- Activity: With pictures removed, output every record below exactly as written.

- Available records:
------------------------
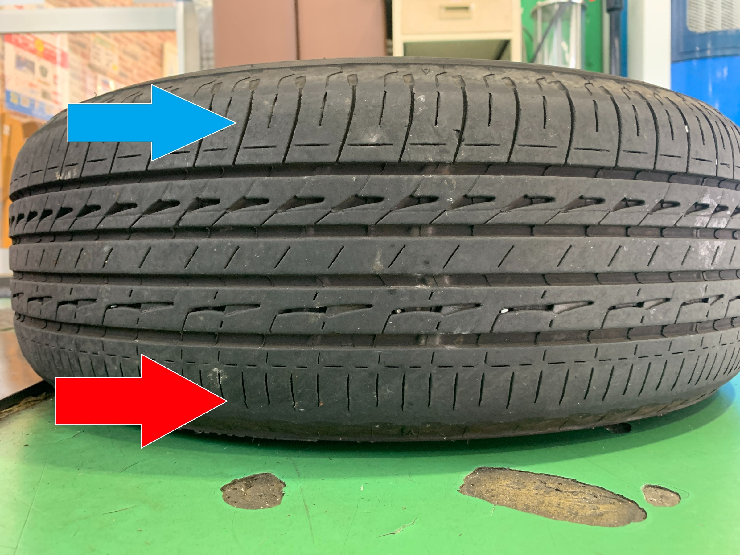 このようにタイヤの減り方に偏りがあることを偏摩耗といい、
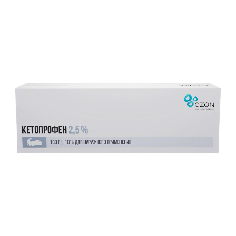 Действующее вещество: кетопрофен - 2,5 г.
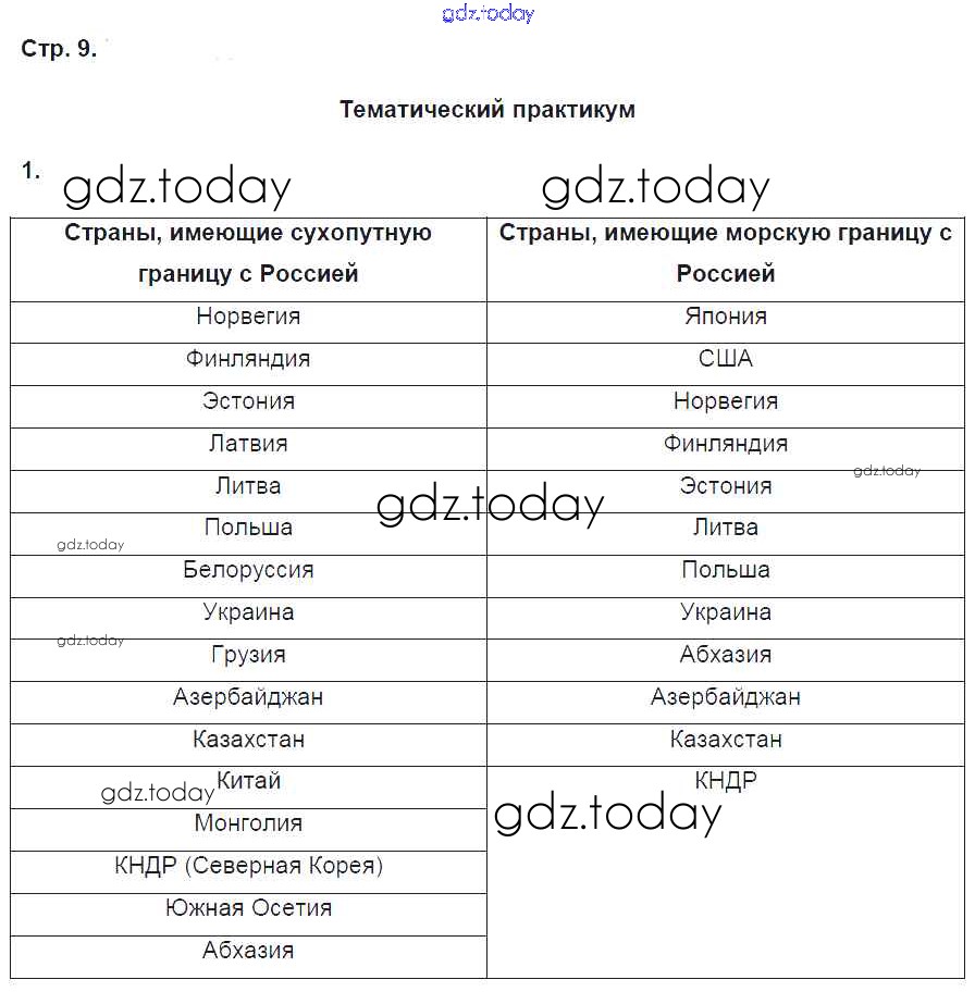 На страницах сайта gdz.today вы найдете учебный и вспомогательный материал, направленный на улучшения знаний школьной программы. ГДЗ - онлайн мир знаний Решение к части 1. Страницы 9 Рабочей тетради по Географии для 9 класса Домогацких Русское слово Инновационная школа 2018
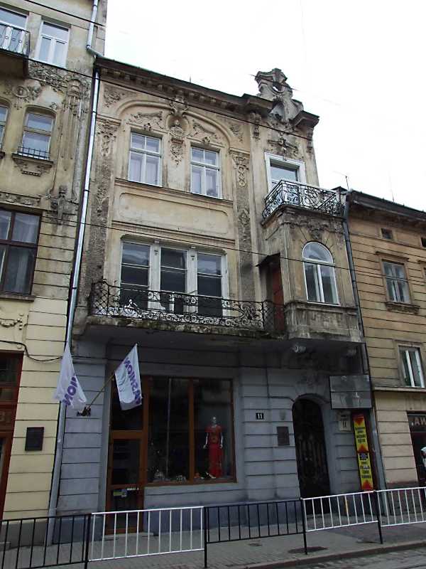 2012 р. Загальний вигляд Розмір зображення: 600:800 піксел 8 квітня 2012 р. Фото М.І.Жарких. Вкладені елементи Фронтон Сецесійні вікна 3-го поверху (+)
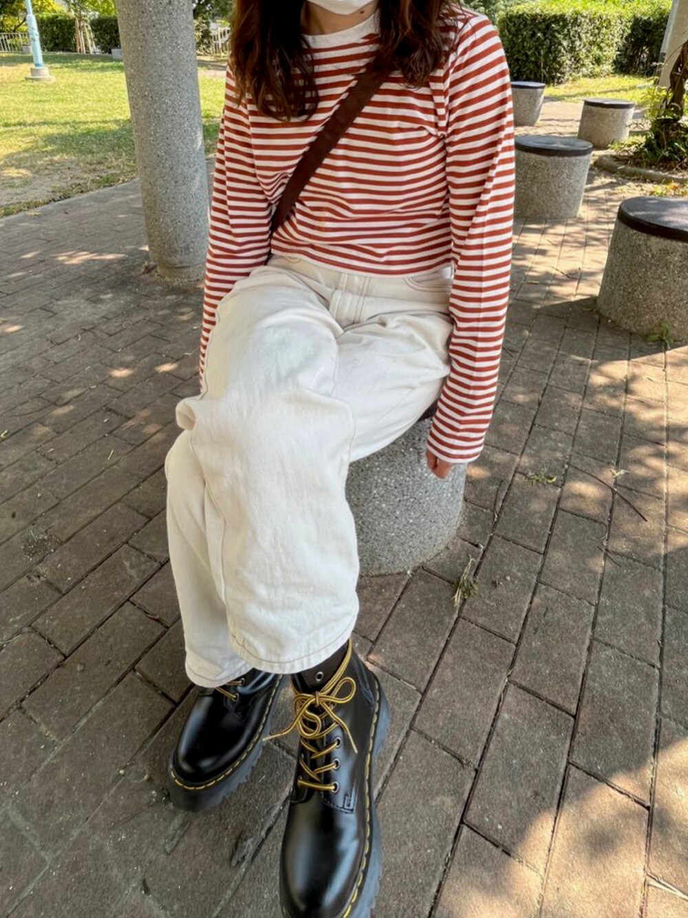 久しぶりのドクターマーチン履いた! ほんでこんなショート丈のトップス初めて着た(^.^) 秋服やっと着れた日に限って晴天ポカポカ
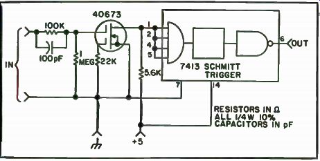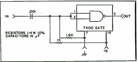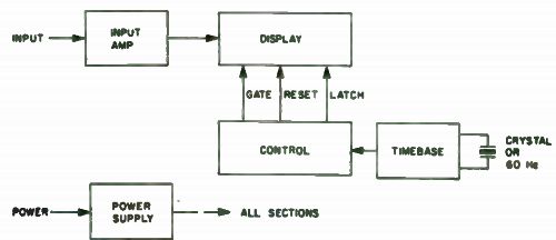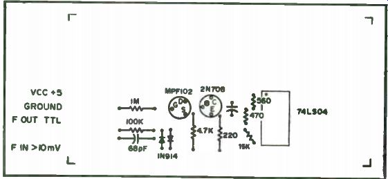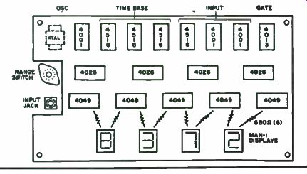 ... you do a great deal of measuring at low frequencies, you should consider a counter with a 10 second gate time, or a unit with a frequency multiplier, notably the Heath IB-1103. They will give you a display such as 60.1 Hz ( 10 sec TB) or 60.030 Hz (IB-1103). Display. The display on a counter can have a powerful bearing on whether you buy a certain model or pass it up. Important things here are the appearance of the digits and the number of them. LED type displays currently reign supreme in counters, so this is mostly what you'll see. Nixie tubes are seen in some older AC-only counters, but their use is dying out. Liquid crystals show promise for the future, because they don't require the high current of LEDs and the high voltage of Nixies. When you shop, look for the largest and brightest display you can get, but do not let the appearance of the display bias your thinking. Accuracy and sensitivity are far more important in determining your choice. The number of digits should be considered, also. As a rule of thumb, five to six digits are about the optimum number. Fewer (such as the three digits found on an inexpensive kit) require complicated range switching or more knob turning for you. And more digits can be confusing to read. Ever see 146.96 MHz read out on a large counter as 146960001 Hz? It's very confusing at times. Also, large digit counters consume larger amounts of power; consider that if you are buying an AC/battery model! Power Supply. Some counters offer you different ways to power them selves, often at no extra cost. The most common power source is 120 volts 60 Hz. You'll find many units that can be wired for 240 volts AC, but you may have to check the operator's manual to find this out. There are also counters that have 120v plus 12v DC connections. You can often plug them into a cigarette lighter for working on mobile electronics. A few battery operated counters are becoming available, but at present none have the full features of the other models. Special Features/Options. A whole plethora of special features are available on counters. Switching ranges from a simple kHz/MHz switch to a full blown range switch of 0.01 ms to 10 sec. Inputs range from simple jacks to complicated attenuators and trigger level controls. Input impedances may be different, too. You'll find the standard 1 meg plus 10 to 50 pF input and a straight 50 ohm input (for VHF) on some units. Some of the more expensive units have timers/stopwatches and time interval measuring features built in. And the list could go on. Base your selection on what features you really need and not what looks nice. It makes no sense to buy a $300 counter/ timer, then use the timer once and spend the rest of the time measuring frequency! Most options can be quite useful. Some popular options include frequency range extenders, high stability TBs, power cords, etc. Also, don't overlook good probes and cables. A x 10 scope probe is often used with the standard 1 meg input counter and will increase the maximum input voltage 10 times, preventing overload in most cases, and making connection to the equipment under test much easier. Needless to say, this is a very handy option and one that you should consider! If you feel that you must go for options, try to anticipate future needs. Sending a counter back to the manufacturer for modifications at a future date is usually much more expensive than ordering everything at the same time. Some Pitfalls. Let's wrap this discussion of counters up by briefly mentioning some pitfalls that can trap you. Here are some of the areas to watch. Accuracy specs are sometimes hard to find on a counter data sheet, and when you do find them, they may not be complete! Although the data sheet may say "Accuracy: 10 ppm," nothing is said about the temperature or supply voltage, all of which affect the accuracy slightly, If accuracy is important to you and you are in this situation, it may pay to contact the manufacturer. Input amplifiers also have questionable areas. The input circuit of counters without attenuators should have an overvoltage protection network, usually diodes. Check. If the counter doesn't have one, avoid it or you'll be doing a lot of repair work on the counter! Finish up your evaluation by looking over the counter for any other features that you think will cause trouble. If possible, try to get a "hands on" demonstration of the unit you select. Make sure that everything works to your satisfaction, and that the counter lives up to your expectations. A Fun Counter Project The goal in designing this counter was to produce an inexpensive, no frills, reasonably accurate, minimum parts design. High impedance FET input, . 2 to 30 MHz frequency range, sensitivity 60 mV RMS across most of its range, and compact packaging are some of its features. Also, two modes of timebase operation are possible: xtal controlled with an accuracy of ±20 PPM ±1 count and line frequency (± 0.05 percent). The heart of the counter (less readout and power supply) is mounted on 2 PC boards (=3" x 5"). The cost of the boards filled with parts (for line frequency operation) plus the six Minitron readouts will run you about $40. An additional $8 pays for the xtal controlled timebase, and of course you'll need a power supply. Any junk box parts substitute will naturally reduce your costs.
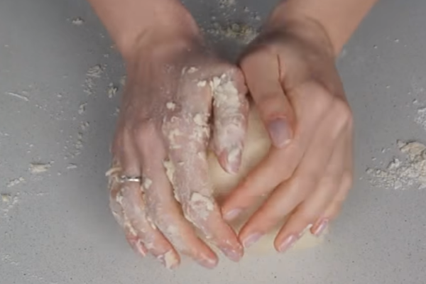 Так як тісто виходить липке, потрібно періодично змащувати руки борошном
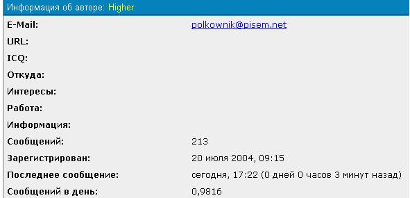 Higher Спор на форуме, это всё равно что олимпиада среди умственно отсталых. Даже если ты победил, ты всё равно долбоеб. (Острие-ру) ... |
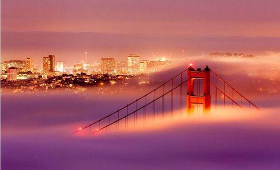 27岁来自瑞士的摄影师StefanForster拍摄到美国金门大桥梦幻一刻,在夕阳的余晖下,大雾突然涌入,感觉就像是天空向金门大桥打聚光灯一样美丽。
------------------------
- Exercise answer:
 このようにタイヤの減り方に偏りがあることを偏摩耗といい、
 Действующее вещество: кетопрофен - 2,5 г.
 На страницах сайта gdz.today вы найдете учебный и вспомогательный материал, направленный на улучшения знаний школьной программы. ГДЗ - онлайн мир знаний Решение к части 1. Страницы 9 Рабочей тетради по Географии для 9 класса Домогацких Русское слово Инновационная школа 2018
 2012 р. Загальний вигляд Розмір зображення: 600:800 піксел 8 квітня 2012 р. Фото М.І.Жарких. Вкладені елементи Фронтон Сецесійні вікна 3-го поверху (+)
 久しぶりのドクターマーチン履いた! ほんでこんなショート丈のトップス初めて着た(^.^) 秋服やっと着れた日に限って晴天ポカポカ
 ... you do a great deal of measuring at low frequencies, you should consider a counter with a 10 second gate time, or a unit with a frequency multiplier, notably the Heath IB-1103. They will give you a display such as 60.1 Hz ( 10 sec TB) or 60.030 Hz (IB-1103). Display. The display on a counter can have a powerful bearing on whether you buy a certain model or pass it up. Important things here are the appearance of the digits and the number of them. LED type displays currently reign supreme in counters, so this is mostly what you'll see. Nixie tubes are seen in some older AC-only counters, but their use is dying out. Liquid crystals show promise for the future, because they don't require the high current of LEDs and the high voltage of Nixies. When you shop, look for the largest and brightest display you can get, but do not let the appearance of the display bias your thinking. Accuracy and sensitivity are far more important in determining your choice. The number of digits should be considered, also. As a rule of thumb, five to six digits are about the optimum number. Fewer (such as the three digits found on an inexpensive kit) require complicated range switching or more knob turning for you. And more digits can be confusing to read. Ever see 146.96 MHz read out on a large counter as 146960001 Hz? It's very confusing at times. Also, large digit counters consume larger amounts of power; consider that if you are buying an AC/battery model! Power Supply. Some counters offer you different ways to power them selves, often at no extra cost. The most common power source is 120 volts 60 Hz. You'll find many units that can be wired for 240 volts AC, but you may have to check the operator's manual to find this out. There are also counters that have 120v plus 12v DC connections. You can often plug them into a cigarette lighter for working on mobile electronics. A few battery operated counters are becoming available, but at present none have the full features of the other models. Special Features/Options. A whole plethora of special features are available on counters. Switching ranges from a simple kHz/MHz switch to a full blown range switch of 0.01 ms to 10 sec. Inputs range from simple jacks to complicated attenuators and trigger level controls. Input impedances may be different, too. You'll find the standard 1 meg plus 10 to 50 pF input and a straight 50 ohm input (for VHF) on some units. Some of the more expensive units have timers/stopwatches and time interval measuring features built in. And the list could go on. Base your selection on what features you really need and not what looks nice. It makes no sense to buy a $300 counter/ timer, then use the timer once and spend the rest of the time measuring frequency! Most options can be quite useful. Some popular options include frequency range extenders, high stability TBs, power cords, etc. Also, don't overlook good probes and cables. A x 10 scope probe is often used with the standard 1 meg input counter and will increase the maximum input voltage 10 times, preventing overload in most cases, and making connection to the equipment under test much easier. Needless to say, this is a very handy option and one that you should consider! If you feel that you must go for options, try to anticipate future needs. Sending a counter back to the manufacturer for modifications at a future date is usually much more expensive than ordering everything at the same time. Some Pitfalls. Let's wrap this discussion of counters up by briefly mentioning some pitfalls that can trap you. Here are some of the areas to watch. Accuracy specs are sometimes hard to find on a counter data sheet, and when you do find them, they may not be complete! Although the data sheet may say "Accuracy: 10 ppm," nothing is said about the temperature or supply voltage, all of which affect the accuracy slightly, If accuracy is important to you and you are in this situation, it may pay to contact the manufacturer. Input amplifiers also have questionable areas. The input circuit of counters without attenuators should have an overvoltage protection network, usually diodes. Check. If the counter doesn't have one, avoid it or you'll be doing a lot of repair work on the counter! Finish up your evaluation by looking over the counter for any other features that you think will cause trouble. If possible, try to get a "hands on" demonstration of the unit you select. Make sure that everything works to your satisfaction, and that the counter lives up to your expectations. A Fun Counter Project The goal in designing this counter was to produce an inexpensive, no frills, reasonably accurate, minimum parts design. High impedance FET input, . 2 to 30 MHz frequency range, sensitivity 60 mV RMS across most of its range, and compact packaging are some of its features. Also, two modes of timebase operation are possible: xtal controlled with an accuracy of ±20 PPM ±1 count and line frequency (± 0.05 percent). The heart of the counter (less readout and power supply) is mounted on 2 PC boards (=3" x 5"). The cost of the boards filled with parts (for line frequency operation) plus the six Minitron readouts will run you about $40. An additional $8 pays for the xtal controlled timebase, and of course you'll need a power supply. Any junk box parts substitute will naturally reduce your costs.
 Так як тісто виходить липке, потрібно періодично змащувати руки борошном
 Higher Спор на форуме, это всё равно что олимпиада среди умственно отсталых. Даже если ты победил, ты всё равно долбоеб. (Острие-ру) ... |
 27岁来自瑞士的摄影师StefanForster拍摄到美国金门大桥梦幻一刻,在夕阳的余晖下,大雾突然涌入,感觉就像是天空向金门大桥打聚光灯一样美丽。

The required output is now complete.